**GIVEN RECORDS:**
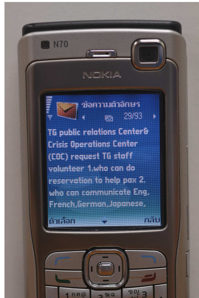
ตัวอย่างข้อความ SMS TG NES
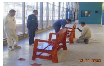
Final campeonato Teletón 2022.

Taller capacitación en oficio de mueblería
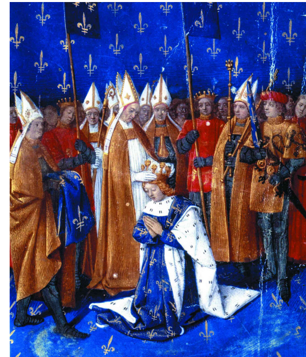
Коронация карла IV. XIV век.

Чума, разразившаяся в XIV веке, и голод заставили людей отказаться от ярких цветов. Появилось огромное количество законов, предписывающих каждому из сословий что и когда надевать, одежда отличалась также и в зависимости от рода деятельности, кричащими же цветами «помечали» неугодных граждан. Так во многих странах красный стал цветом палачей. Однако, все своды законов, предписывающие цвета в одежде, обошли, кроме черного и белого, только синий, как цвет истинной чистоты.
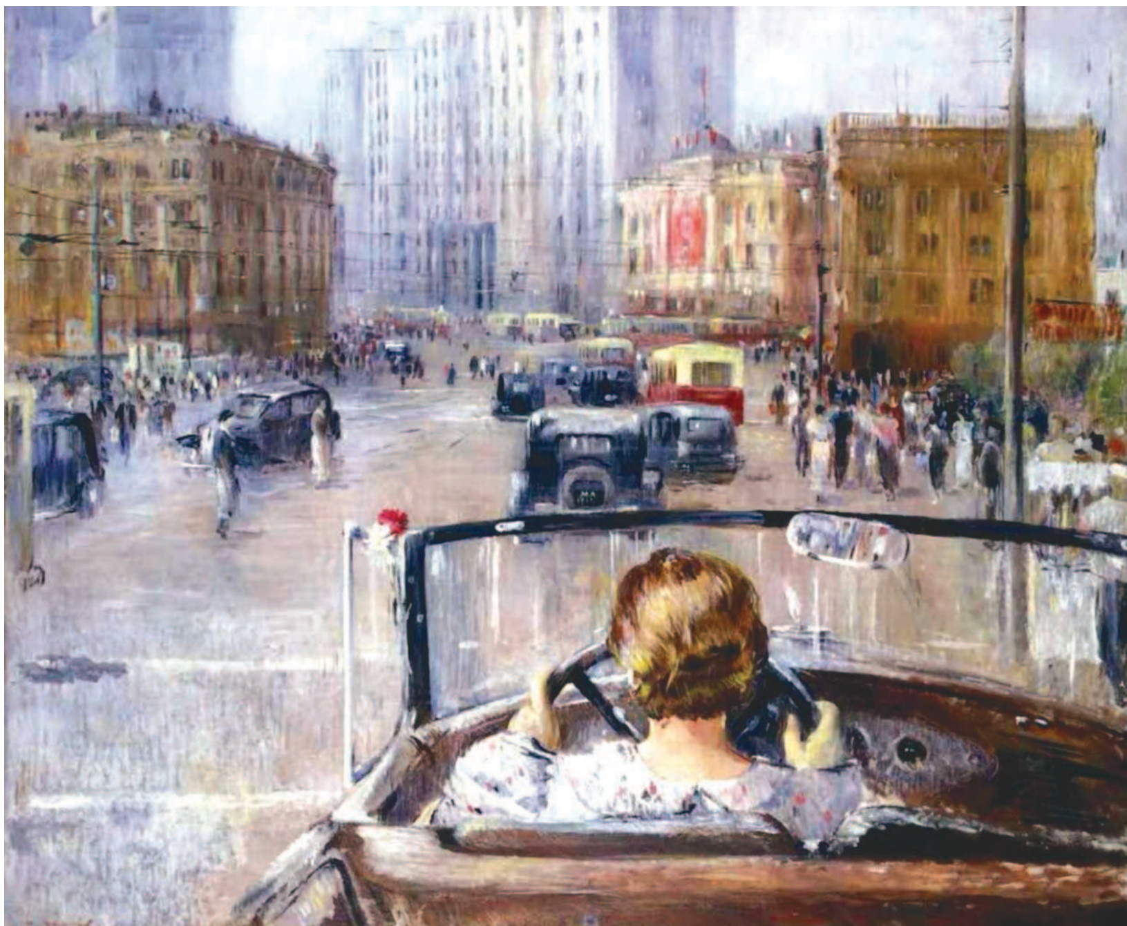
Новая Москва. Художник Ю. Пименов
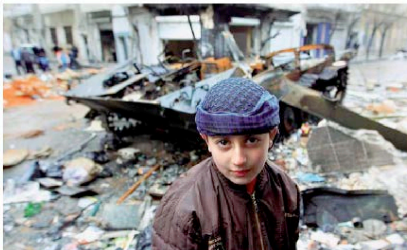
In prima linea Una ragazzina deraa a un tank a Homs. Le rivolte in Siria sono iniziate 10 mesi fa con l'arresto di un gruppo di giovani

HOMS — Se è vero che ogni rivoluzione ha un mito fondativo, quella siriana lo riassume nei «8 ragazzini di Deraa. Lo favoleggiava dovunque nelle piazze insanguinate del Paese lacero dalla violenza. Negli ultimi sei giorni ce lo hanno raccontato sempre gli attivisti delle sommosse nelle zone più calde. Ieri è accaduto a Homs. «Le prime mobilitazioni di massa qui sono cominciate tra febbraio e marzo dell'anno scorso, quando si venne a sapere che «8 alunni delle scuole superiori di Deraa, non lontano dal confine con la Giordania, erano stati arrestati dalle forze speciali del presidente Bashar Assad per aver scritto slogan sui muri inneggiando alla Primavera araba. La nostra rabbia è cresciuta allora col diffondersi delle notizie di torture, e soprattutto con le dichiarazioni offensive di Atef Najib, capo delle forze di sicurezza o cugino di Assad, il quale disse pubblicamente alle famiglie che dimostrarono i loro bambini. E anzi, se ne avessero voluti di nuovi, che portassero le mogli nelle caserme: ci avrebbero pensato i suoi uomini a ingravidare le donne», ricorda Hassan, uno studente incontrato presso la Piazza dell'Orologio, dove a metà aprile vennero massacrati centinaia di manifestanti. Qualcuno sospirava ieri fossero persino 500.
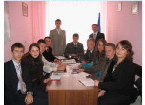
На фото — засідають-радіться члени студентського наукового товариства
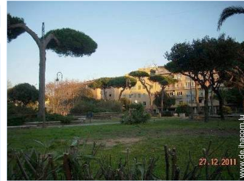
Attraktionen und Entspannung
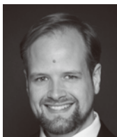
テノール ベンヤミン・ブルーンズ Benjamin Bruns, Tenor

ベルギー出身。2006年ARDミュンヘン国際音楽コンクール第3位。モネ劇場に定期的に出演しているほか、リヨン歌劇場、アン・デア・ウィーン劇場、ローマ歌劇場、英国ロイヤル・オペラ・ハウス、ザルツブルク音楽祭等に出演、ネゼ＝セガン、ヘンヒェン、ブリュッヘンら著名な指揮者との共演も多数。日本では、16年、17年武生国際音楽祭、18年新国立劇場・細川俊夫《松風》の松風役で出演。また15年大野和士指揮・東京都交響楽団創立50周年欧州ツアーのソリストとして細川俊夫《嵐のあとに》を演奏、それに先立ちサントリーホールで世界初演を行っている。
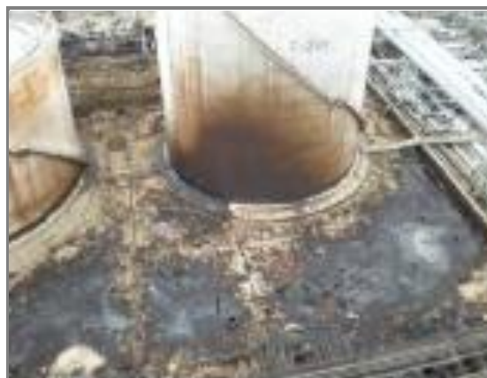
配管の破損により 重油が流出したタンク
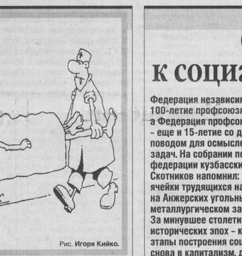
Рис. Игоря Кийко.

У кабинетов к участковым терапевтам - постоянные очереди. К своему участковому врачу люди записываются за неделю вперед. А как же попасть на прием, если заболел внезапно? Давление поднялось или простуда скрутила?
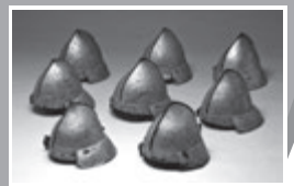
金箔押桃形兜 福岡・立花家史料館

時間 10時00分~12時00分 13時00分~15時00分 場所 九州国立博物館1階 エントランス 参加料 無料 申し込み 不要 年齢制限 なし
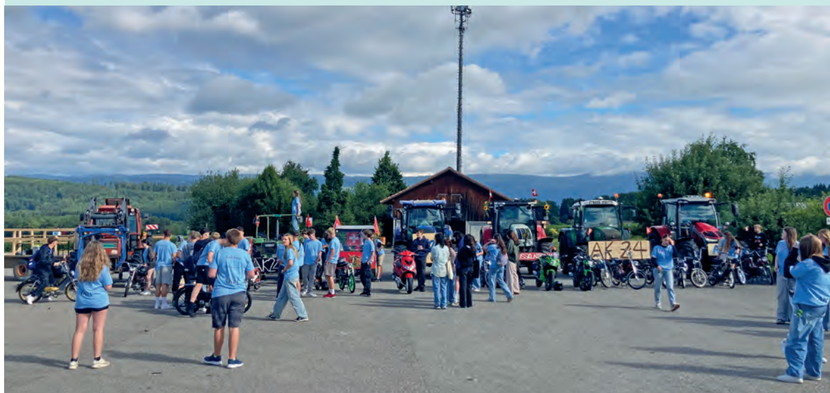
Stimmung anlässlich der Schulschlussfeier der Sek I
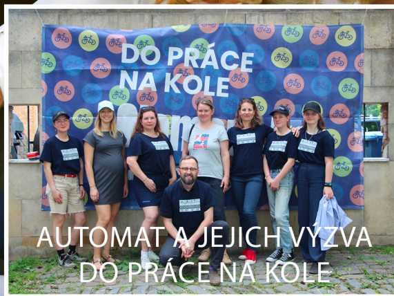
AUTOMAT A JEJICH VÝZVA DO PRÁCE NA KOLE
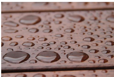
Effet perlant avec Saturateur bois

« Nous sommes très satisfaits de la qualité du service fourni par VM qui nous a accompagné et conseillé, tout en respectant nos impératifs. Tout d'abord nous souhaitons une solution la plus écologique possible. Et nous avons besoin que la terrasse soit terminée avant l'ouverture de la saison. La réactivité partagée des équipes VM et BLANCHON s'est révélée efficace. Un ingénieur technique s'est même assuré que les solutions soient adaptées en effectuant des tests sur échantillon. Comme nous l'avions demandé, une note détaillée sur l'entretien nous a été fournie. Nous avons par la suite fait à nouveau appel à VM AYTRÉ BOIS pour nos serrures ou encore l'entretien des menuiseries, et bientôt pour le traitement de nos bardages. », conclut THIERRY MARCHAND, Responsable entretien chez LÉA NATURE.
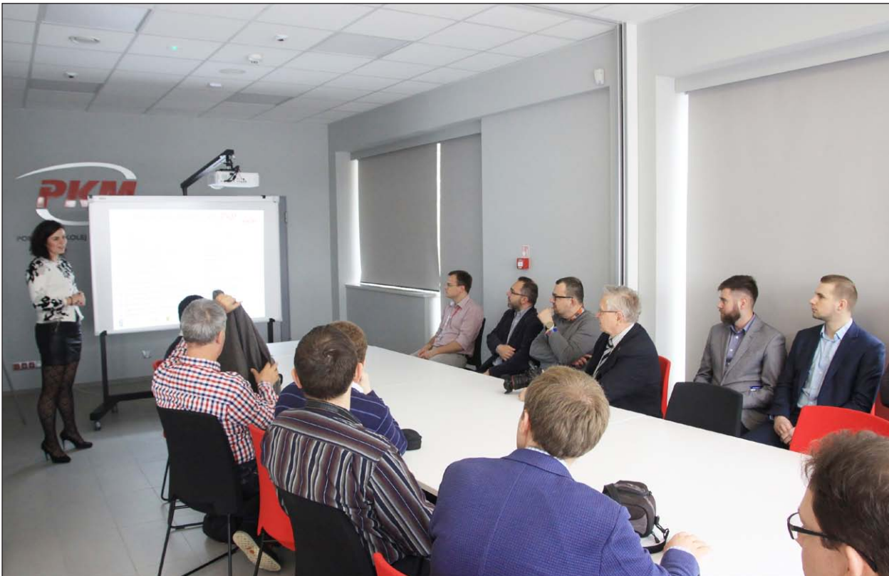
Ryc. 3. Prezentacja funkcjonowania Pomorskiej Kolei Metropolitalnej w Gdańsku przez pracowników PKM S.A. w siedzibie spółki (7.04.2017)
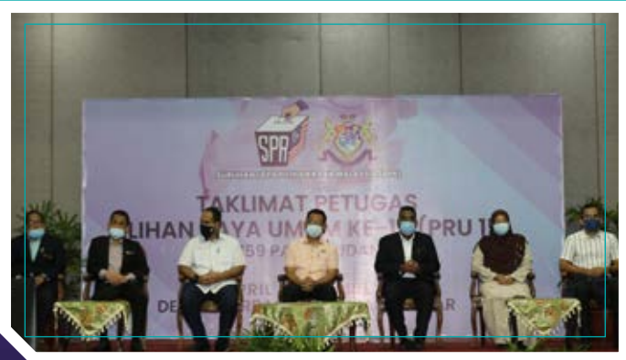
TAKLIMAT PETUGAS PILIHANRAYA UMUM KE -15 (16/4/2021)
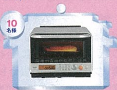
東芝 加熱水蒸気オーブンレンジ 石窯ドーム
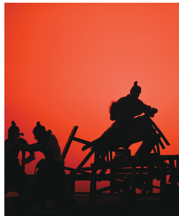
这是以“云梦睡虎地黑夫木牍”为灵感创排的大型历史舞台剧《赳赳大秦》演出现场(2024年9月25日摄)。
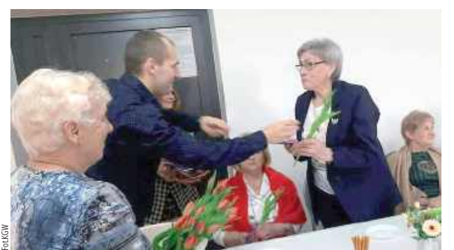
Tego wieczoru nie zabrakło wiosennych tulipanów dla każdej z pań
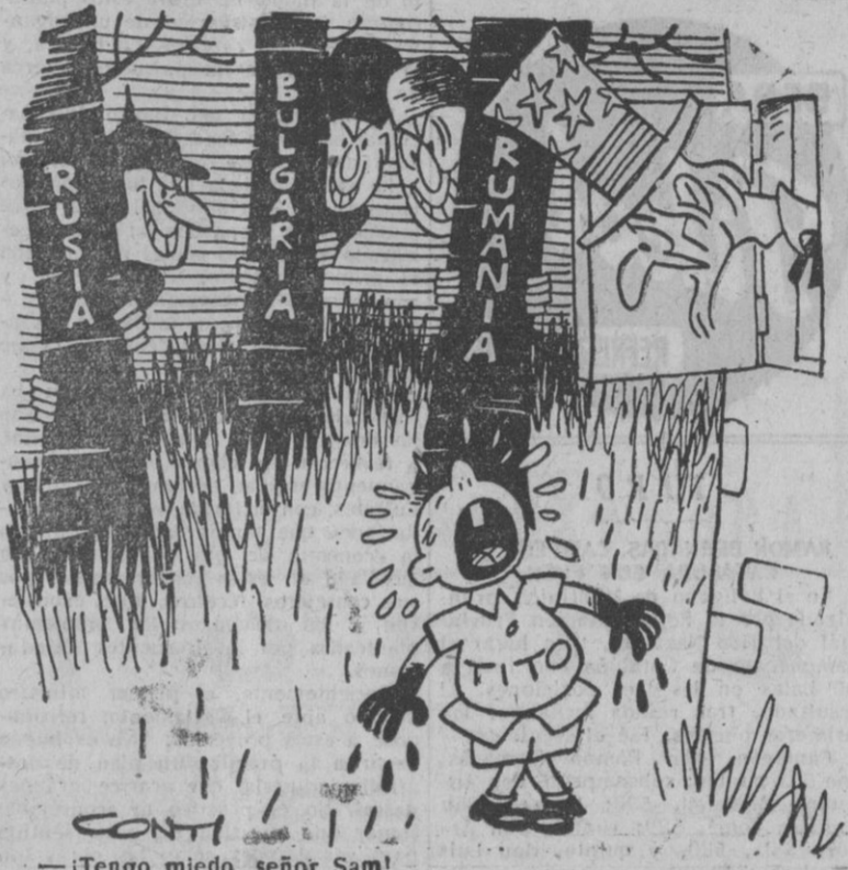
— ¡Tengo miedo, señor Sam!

**WORK INSTRUCTION:**
Please print the lines above word for word, starting at the one with "Новая Москва. Художник Ю. Пименов" and ending at the one with "Рис. Игоря Кийко.", both included, and without any picture.

**ANSWER TO THIS TASK:**
Новая Москва. Художник Ю. Пименов
In prima linea Una ragazzina deraa a un tank a Homs. Le rivolte in Siria sono iniziate 10 mesi fa con l'arresto di un gruppo di giovani

HOMS — Se è vero che ogni rivoluzione ha un mito fondativo, quella siriana lo riassume nei «8 ragazzini di Deraa. Lo favoleggiava dovunque nelle piazze insanguinate del Paese lacero dalla violenza. Negli ultimi sei giorni ce lo hanno raccontato sempre gli attivisti delle sommosse nelle zone più calde. Ieri è accaduto a Homs. «Le prime mobilitazioni di massa qui sono cominciate tra febbraio e marzo dell'anno scorso, quando si venne a sapere che «8 alunni delle scuole superiori di Deraa, non lontano dal confine con la Giordania, erano stati arrestati dalle forze speciali del presidente Bashar Assad per aver scritto slogan sui muri inneggiando alla Primavera araba. La nostra rabbia è cresciuta allora col diffondersi delle notizie di torture, e soprattutto con le dichiarazioni offensive di Atef Najib, capo delle forze di sicurezza o cugino di Assad, il quale disse pubblicamente alle famiglie che dimostrarono i loro bambini. E anzi, se ne avessero voluti di nuovi, che portassero le mogli nelle caserme: ci avrebbero pensato i suoi uomini a ingravidare le donne», ricorda Hassan, uno studente incontrato presso la Piazza dell'Orologio, dove a metà aprile vennero massacrati centinaia di manifestanti. Qualcuno sospirava ieri fossero persino 500.
На фото — засідають-радіться члени студентського наукового товариства
Attraktionen und Entspannung
テノール ベンヤミン・ブルーンズ Benjamin Bruns, Tenor

ベルギー出身。2006年ARDミュンヘン国際音楽コンクール第3位。モネ劇場に定期的に出演しているほか、リヨン歌劇場、アン・デア・ウィーン劇場、ローマ歌劇場、英国ロイヤル・オペラ・ハウス、ザルツブルク音楽祭等に出演、ネゼ＝セガン、ヘンヒェン、ブリュッヘンら著名な指揮者との共演も多数。日本では、16年、17年武生国際音楽祭、18年新国立劇場・細川俊夫《松風》の松風役で出演。また15年大野和士指揮・東京都交響楽団創立50周年欧州ツアーのソリストとして細川俊夫《嵐のあとに》を演奏、それに先立ちサントリーホールで世界初演を行っている。
配管の破損により 重油が流出したタンク
Рис. Игоря Кийко.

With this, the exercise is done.